Since publishing the article, I have received a good bit of feedback—some positive and some negative. By far, the most frequent response has been with respect to temptation: “Are you saying that all temptation is sin? Wasn’t Jesus tempted like us yet without sin (Heb. 4:15)? How can you say that temptation equals sin?”
The short answer to these questions is that I do not believe that all temptation equals sin. Plainly, Jesus was tempted, but he never sinned (Matt. 4:1-11; Heb. 4:15). So unless we want to imply that Jesus was a sinner, we must affirm that not all temptation equals sin. But in saying this, we must be careful to define what we mean by temptation and precisely what our temptation has in common with Jesus’. There are both similarities and differences between Jesus’ experience of temptation and ours. In order to see this, we will have to take a closer look at two key texts: Hebrews 4:15 and James 1:13-15.
Jesus’ Experience of Temptation
Yes, Jesus was tempted in every way as we are, but his experience of temptation was not identical ours. This is the necessary corollary of Christ’s impeccability, and it is anticipated in Hebrews 4:15:
Hebrews 4:15 “For we do not have a high priest who cannot sympathize with our weaknesses, but One who has been tempted in all things as we are, yet without sin.”

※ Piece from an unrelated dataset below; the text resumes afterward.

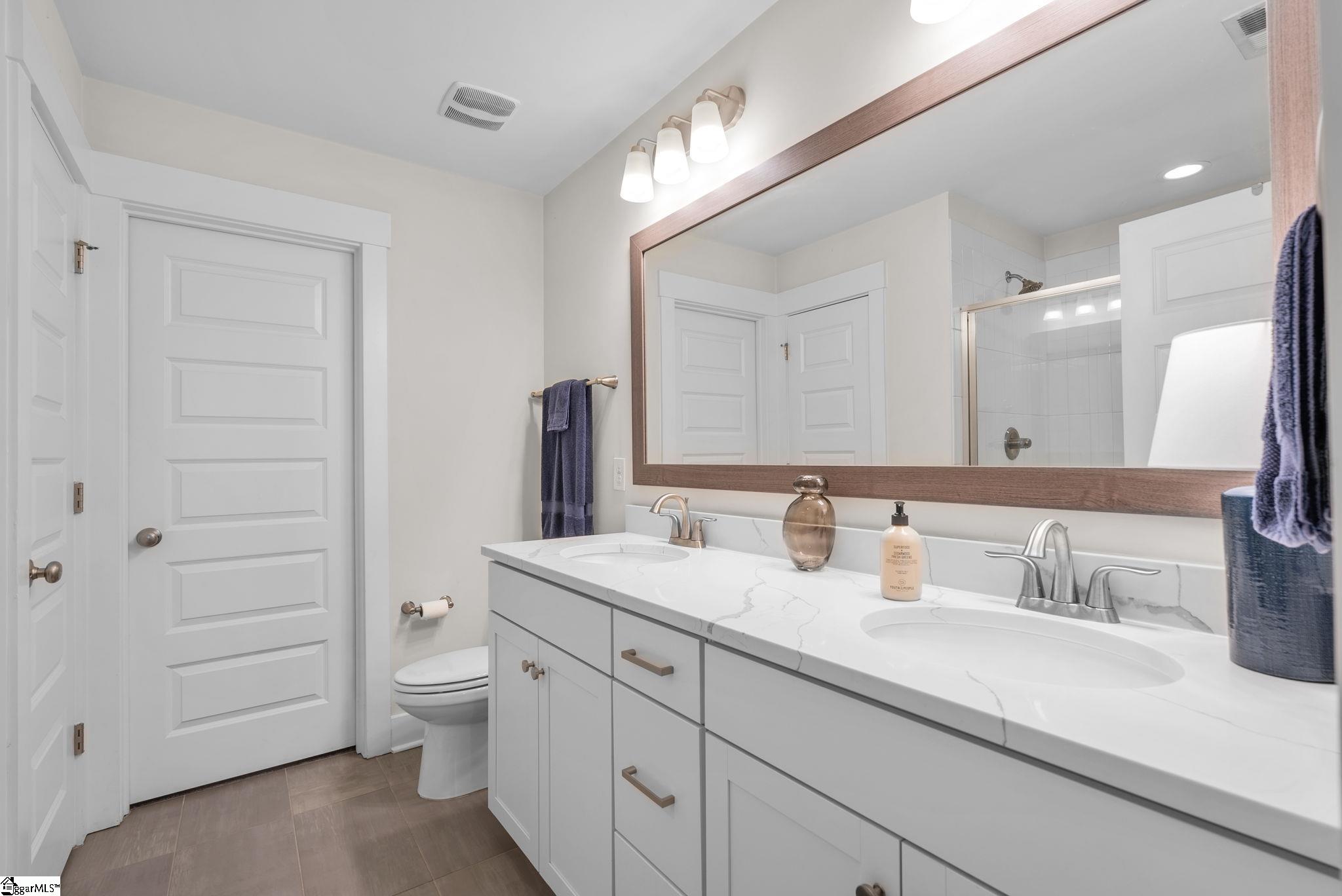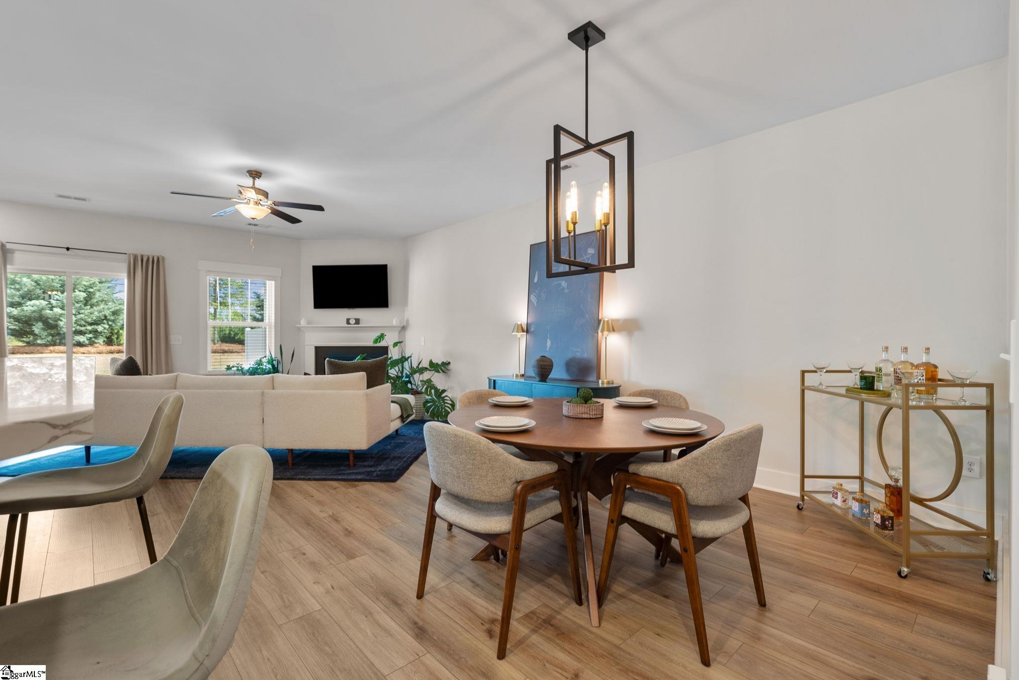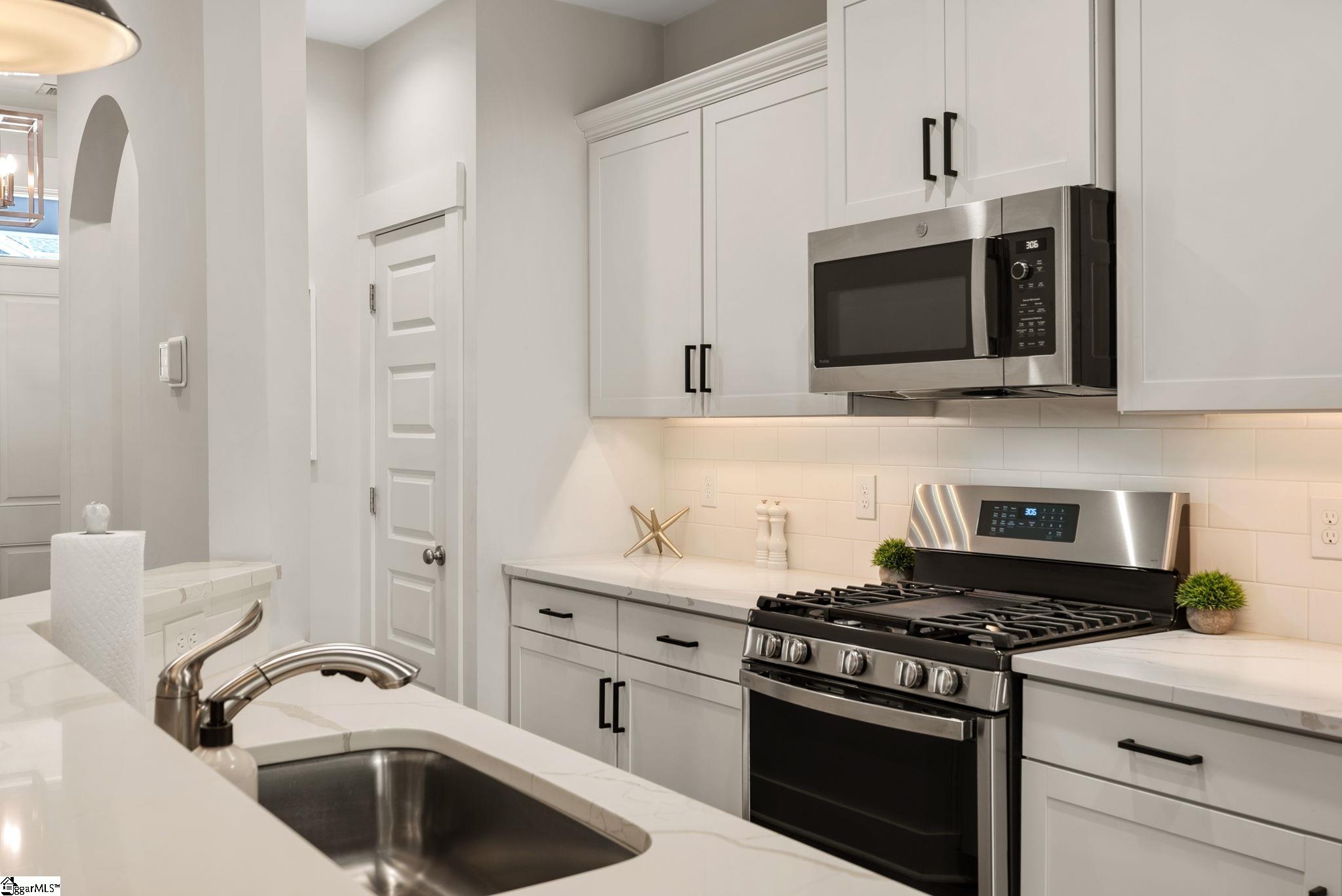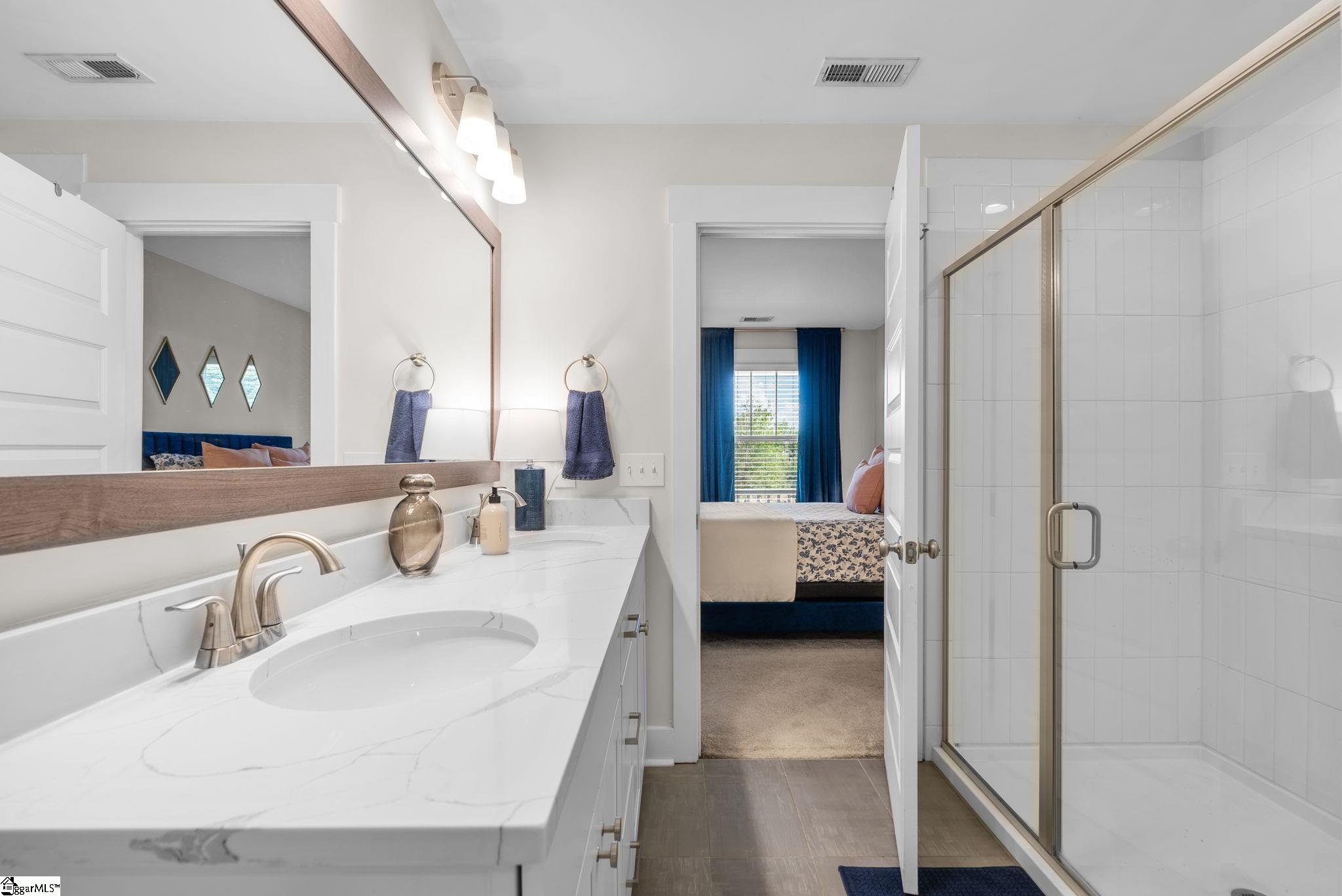 This immaculate town home combines elegance and low-maintenance living all into one. It is conveniently located within 5 minutes of Woodruff Road shops and restaurants as well as being minutes to all of the charm and lifestyle that downtown Greenville has to offer. This home features hardwood stairs, LVP flooring on main level and hallway on second level, upgraded craftsman style trim and designer lighting. Quartz kitchen countertops, under-cabinet lighting, stainless steel appliances and gas stove/oven complete this well-appointed kitchen. From the living room, walk out onto your covered 17 ft x 6 ft covered patio perfect for outdoor entertaining and with a 4 ft x 5 ft storage shed to the side. Retreat to the master suite and step out onto your 21 ft x 5 ft covered balcony which is perfect for relaxing or having morning coffee. The master bath has a large walk-in tile shower and tile flooring which leads to the spacious walk-in closet. Come see this beautifully staged well appointed home today and make it yours before it is gone!

The key thing to note here is that Jesus’ experience of temptation is “without sin.” There was no aspect of Jesus’ temptation that ever involved sin on his part. He had no desires that predisposed him to sin. His response to external pressures never resulted in an evil thought or attraction. And of course, he never engaged in any sinful behavior. From top to bottom, he was perfect, innocent, wholesome, and good in the face of every temptation. That means that Jesus’ experience of temptation was never internalized into any disposition toward evil. Ever. Jesus’ attractions—whatever they were—were never directed toward something that His Father prohibits.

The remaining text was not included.